<h1>Table of Contents<span class="tocSkip"></span></h1>
<div class="toc"><ul class="toc-item"><li><span><a href="#Prep" data-toc-modified-id="Prep-1"><span class="toc-item-num">1&nbsp;&nbsp;</span>Prep</a></span></li><li><span><a href="#Housing-price-distribution" data-toc-modified-id="Housing-price-distribution-2"><span class="toc-item-num">2&nbsp;&nbsp;</span>Housing price distribution</a></span></li><li><span><a href="#Numerical-Data-Distribution" data-toc-modified-id="Numerical-Data-Distribution-3"><span class="toc-item-num">3&nbsp;&nbsp;</span>Numerical Data Distribution</a></span></li><li><span><a href="#Correlation" data-toc-modified-id="Correlation-4"><span class="toc-item-num">4&nbsp;&nbsp;</span>Correlation</a></span></li><li><span><a href="#Feature-to-feature-relationship" data-toc-modified-id="Feature-to-feature-relationship-5"><span class="toc-item-num">5&nbsp;&nbsp;</span>Feature to feature relationship</a></span></li><li><span><a href="#Q--&gt;-Q-(Quantitative-to-Quantitative-relationship)" data-toc-modified-id="Q-->-Q-(Quantitative-to-Quantitative-relationship)-6"><span class="toc-item-num">6&nbsp;&nbsp;</span>Q -&gt; Q (Quantitative to Quantitative relationship)</a></span></li><li><span><a href="#C--&gt;-Q-(Categorical-to-Quantitative-relationship)" data-toc-modified-id="C-->-Q-(Categorical-to-Quantitative-relationship)-7"><span class="toc-item-num">7&nbsp;&nbsp;</span>C -&gt; Q (Categorical to Quantitative relationship)</a></span></li></ul></div>

__File Info:__

Date: 20181023

Author: Stephanie Langeland 

File Name: 04_EDA_tutorial.ipynb

Version: 01

Previous Version/File: None

Dependencies: Data dictionary: ".\data_info\data_description.txt"

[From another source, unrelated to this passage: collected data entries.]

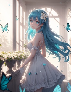 wide shot,(depth of field),global illumination,soft shadows,grand scene,backlight,lens flare,((colorful refraction)),((cinematic lighting)),in the market,from side,looking outside,with butterfly,1girl with lightblue long hair and blue aqua eyes,hair flowers,hime cut,sunlight,blurry background,blurry,White Dress,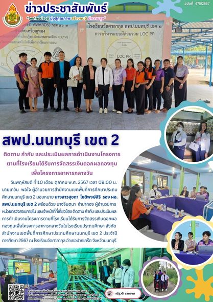 วันพฤหัสบดี ที่ 10 เดือน ตุลาคม พ.ศ. 2567 เวลา 09.00 น. นายเทวัน พอใจ ผู้อำนวยการสำนักงานเขตพื้นที่การศึกษาประถมศึกษานนทบุรี เขต 2 มอบหมาย นางสาวสุชดา โชติพงษ์สิริ รอง ผอ.สพป.นนทบุรี เขต 2 พร้อมด้วย นางจินตนา จำปาทอง ผู้อำนวยการหน่วยตรวจสอบภายใน และเจ้าหน้าที่ที่เกี่ยวข้อง ติดตาม กำกับ และประเมินผลการดำเนินงานโครงการตามที่โรงเรียนได้รับการจัดสรรเงินดอกผลกองทุนเพื่อโครงการอาหารกลางวันในโรงเรียนประถมศึกษา สังกัดสำนักงานเขตพื้นที่การศึกษาประถมศึกษานนทบุรี เขต 2 ประจำปีการศึกษา 2567 ณ โรงเรียนวัดศาลากุล อำเภอปากเกร็ด จังหวัดนนทบุรี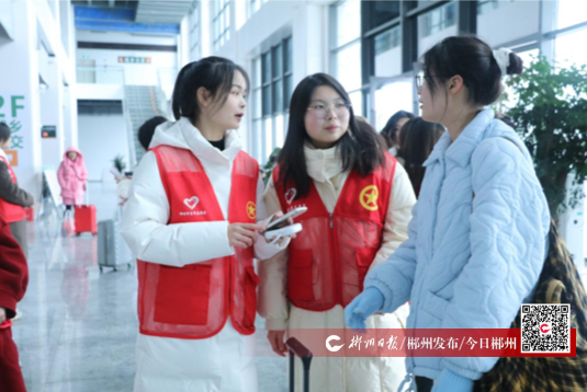 春節(jié)臨近,各大車站客流量陡增,郴州市青年志愿者聯(lián)合會暖冬行動春運志愿服務隊聯(lián)合北湖區(qū)青年志愿者協(xié)會組織20余名返鄉(xiāng)大學生在郴州汽車總站開展“青春志愿行 溫暖回家路”暖冬行動。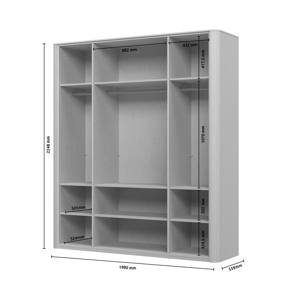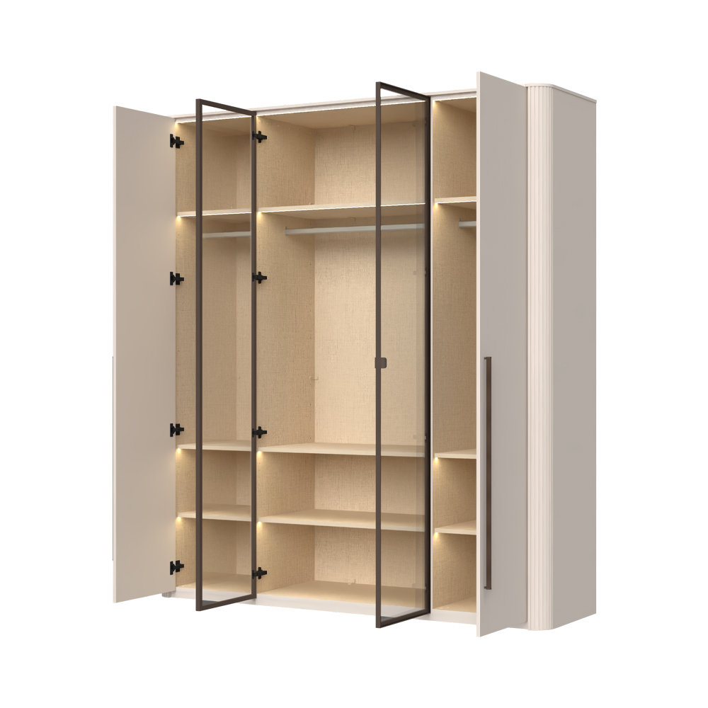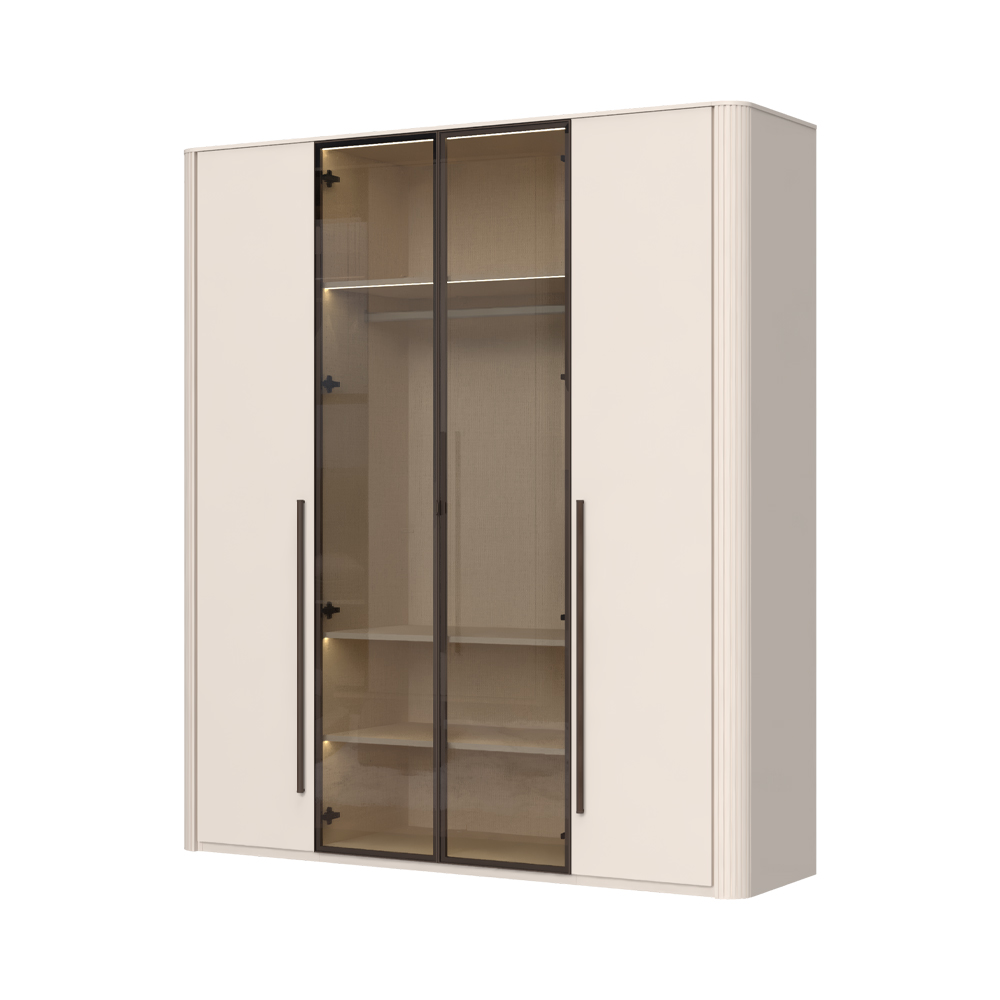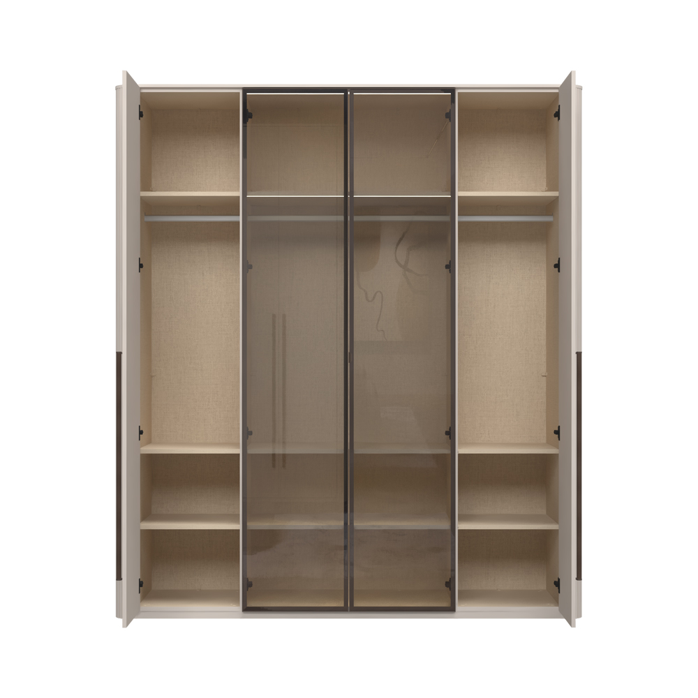 Гардероб с 4 врати : 2 покрити с мек матов UV лак в цвят кашмир и 2 стъкло парсол с алуминиева рамка.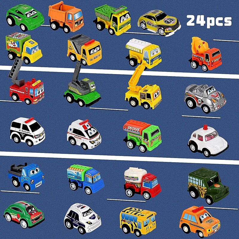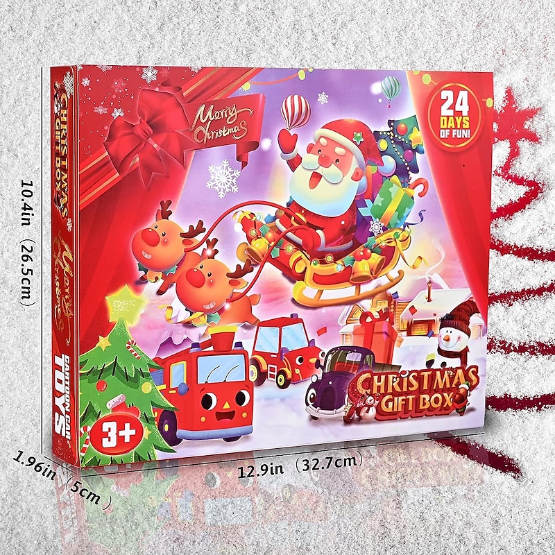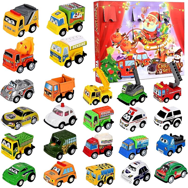 Highlights - Children's advent calendar: Make the countdown to Christmas even more exciting for kids with our advent calendar. Each day brings a new surprise to enjoy during the holiday season. - Christmas gift advent calendar: Count down the days until Christmas with our fun toy advent calendar. Each day reveals a special gift to bring joy to children as they wait for the big day. - Premium and safe material: Our pull-back vehicle toy is made from 100% non-toxic ABS plastic, ensuring safety for both children and adults. It is certified to meet multiple standards for peace of mind. - Perfect educational toys: Our car advent calendar includes 24 vehicles with authentic features and colors, providing a fun and educational way for children to explore the world of vehicles. Ideal for children aged 3 and up, it makes a perfect gift for interactive play during the holidays.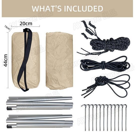 付属品:テント本体、ペグ*12、ロープ*9、スタンド*2、収納袋×1
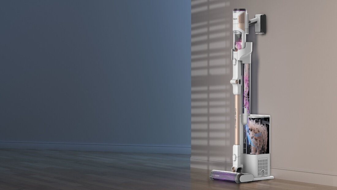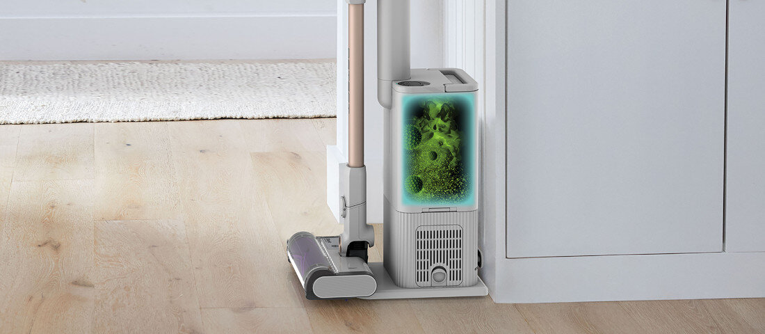Odkurzacz automatycznie opróżnia się na stacji dokującej po każdym cyklu sprzątania. Duża, bezworkowa stacja bazowa o pojemności 2 litrów odsysa brud z odkurzacza i przechowuje go wewnątrz. Dzięki temu, baza wystarcza na około 45 dni sprzątania. Po zakończeniu czyszczenia wystarczy umieścić odkurzacz na stacji bazowej, a urządzenie samo się opróżni.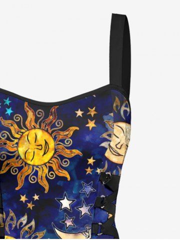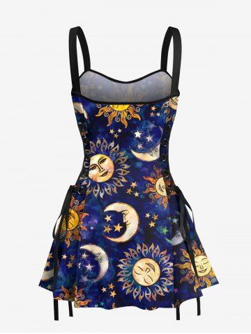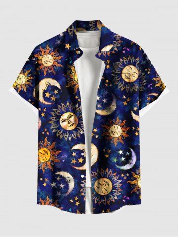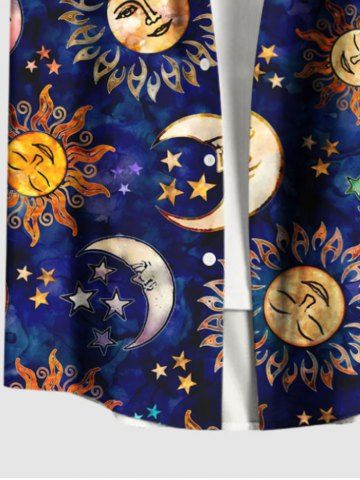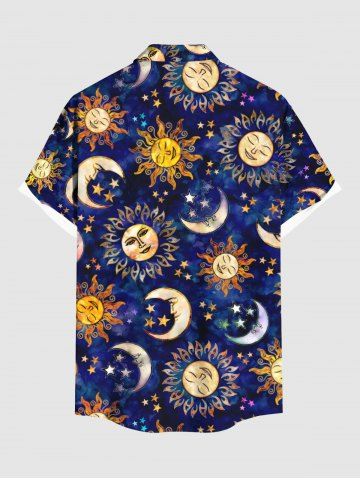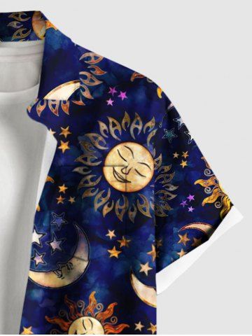 Tenue de plage hawaïenne assortie à imprimé galaxie tie-dye soleil, lune et étoiles pour couples - Bleu Profond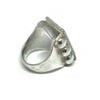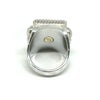 両サイドに6ポイントを配置したスクエアリングです。 中央にはスクエア型のフラットなターコイズ、裏には18Kのイーグルフェイスポイントが入っています。

Purpose: Detailed exploratory data analysis with Python

Input File(s): train.csv

Output File(s): None

Required by: 
 - A beginner's guide to Python.
 - Tutorial: https://www.kaggle.com/ekami66/detailed-exploratory-data-analysis-with-python/notebook

Status: Complete

Machine: Dell Latitude - Windows 10

Python Version: Python 3

# Prep

In [None]:
## Import packages:
import pandas as pd
import seaborn as sns
import matplotlib.pyplot as plt
import operator ## to use Standard operators as functions

In [None]:
# Comment this if the data visualizsations doesn't work on your side
%matplotlib inline

plt.style.use('bmh')

In [None]:
## Import training data:
df = pd.read_csv("C:/Users/stephanie.langeland/OneDrive - Slalom/bit_bucket/a_beginners_guide_to_python/input_output_files/train.csv")

df.head()

In [None]:
df.info()

Let's just remove Id and the features with 30% or more NaN values:

In [None]:
df2 = df[ ## create a copy of df
    [
        column for column in df if df[
            column
        ].count() / len(df) >= 0.3
    ]
] ## identify columns in df that have >= 30% NaN values

del df2['Id'] ## delete this column

print(
    "List of dropped columns:",
    end = " "
) 

for c in df.columns:
    if c not in df2.columns:
        print(
            c,
            end = ", "
        )
print("\n") ## list the previously identified columns

df = df2 ## overwrite df as df2

# Housing price distribution

In [None]:
print(
    df["SalePrice"].describe()
)

plt.figure(
    figsize = (9, 8)
)

sns.distplot(
    df["SalePrice"],
    color = "g",
    bins = 100,
    hist_kws = {"alpha": 0.4}
)

# Numerical Data Distribution

For this part lets look at the distribution of all of the features by plotting them.  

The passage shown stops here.